The masses must realise that this isn't just about West Bengal; it’s about a dangerous precedent. If a bench can casually dismiss the immediate needs of one state's electorate, nothing can stop them from causing this harm to many others countrywide.
The masses do not need judges who view constitutional crises through the lens of future calendars; they need a judiciary that understands that ‘now’ is the only thing justice should matter. The guardians of the law have lost public trust and respect by offering a stupid promise for 2030. They have resorted to an abdication.

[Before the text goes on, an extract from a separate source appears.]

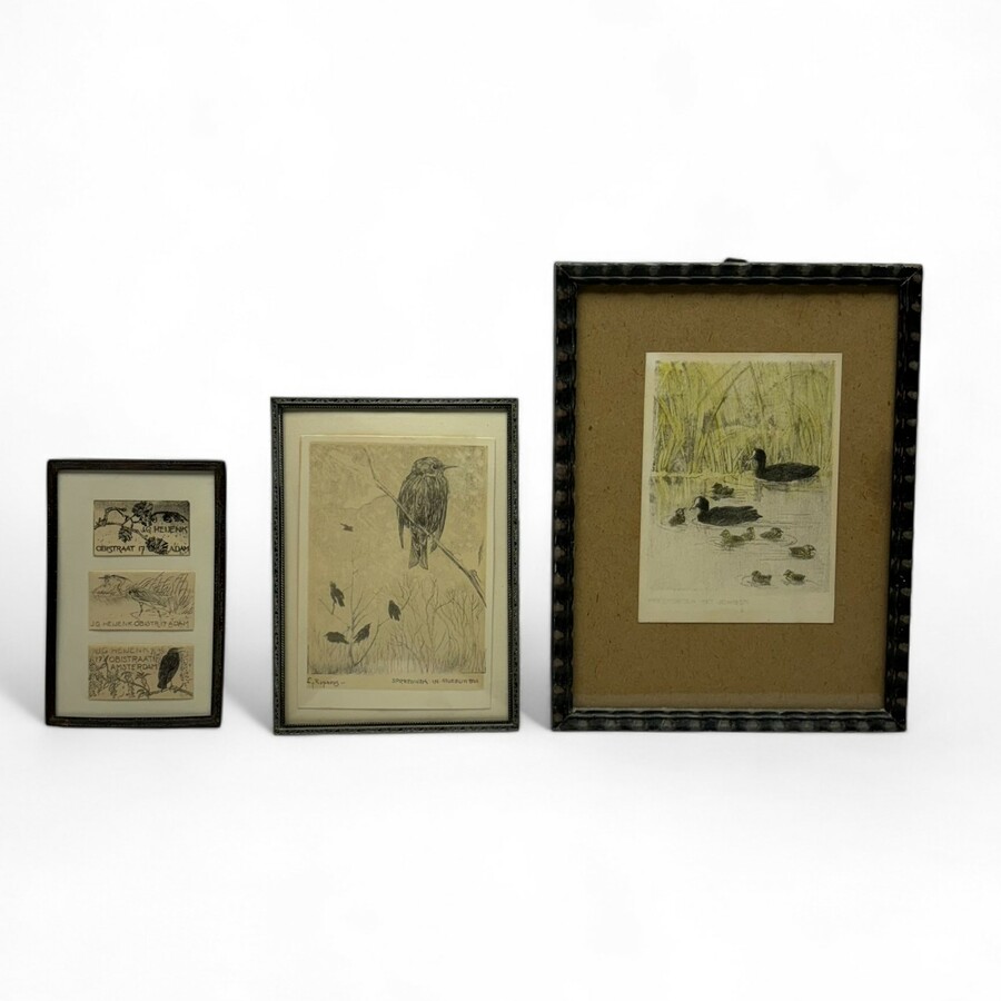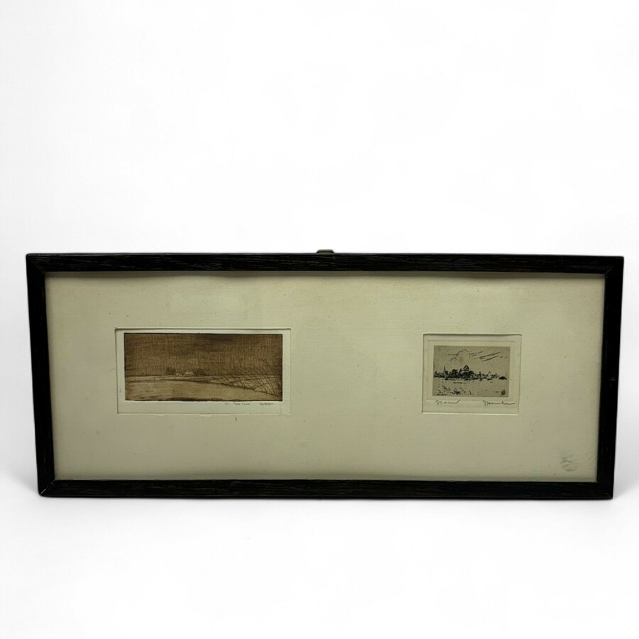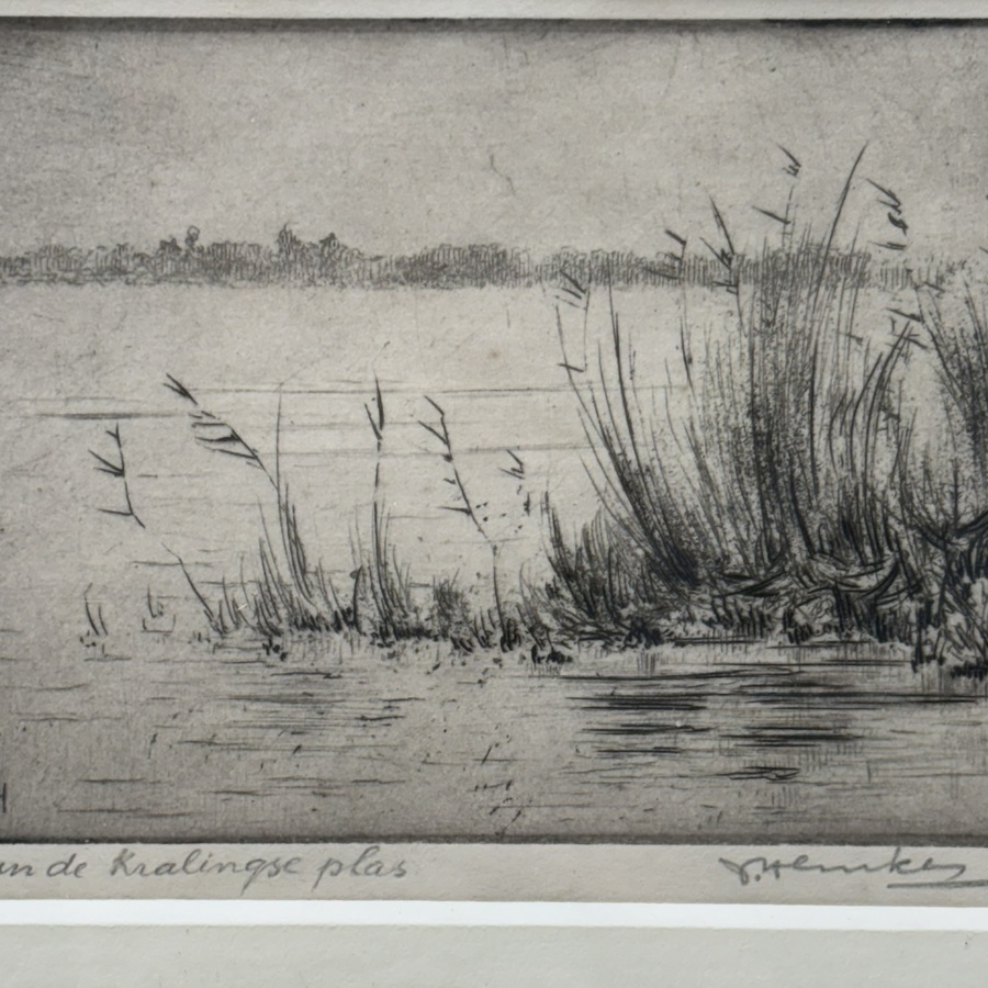 Johan Hemkes (1894-1988 Vier kleine etsen in drie lijsten. Met voorstellingen van Grouw, De potten bij Sneek en aan de kralingse plas.

Nearly around the same time, the bench headed by CJI Surya Kant showed incredible ‘judicial activism’ regarding the Bar Council of India. Whether it was the specifics of the All India Bar Exam (AIBE), enrollment fees, or the internal administrative ego-clashes of the BCI, the Court acted like a fire department rushing to a 5-star hotel. The Irony is that these were merely administrative issues. Nobody’s life was at stake. No one was being silenced by a state machinery. Yet, the Court chose to give the matter hours of precious judicial time. In contrast, the cry of the West Bengal petitioners who claimed their names were illegally scrubbed from the voter lists, which is a ‘civil death’ in a democracy, were sent back home. This ‘Double Standard’ should Alarm the masses. The Supreme Court is the ‘ultimate protector’. But the CJI Surya Kant- headed bench has disappointed the whole nation. He has mastered the lesson in Selective Urgency. Ordinary citizens don’t matter to him. The Bench took the acceptable plea that judicial intervention would ‘disrupt the process’. It had also told the West Bengal petitioners that such issues should be handled exclusively by tribunals rather than the apex court.
The citizens of India do not pay taxes for a judiciary that tells them to ‘wait for 5 years’ while it spends weeks debating the internal rules of a lawyers' club. This is the ‘Double Standard’ that would keep the common man poor, silent, and powerless for always. The Supreme Court has buried the immediate rights of the gullible Indian voter.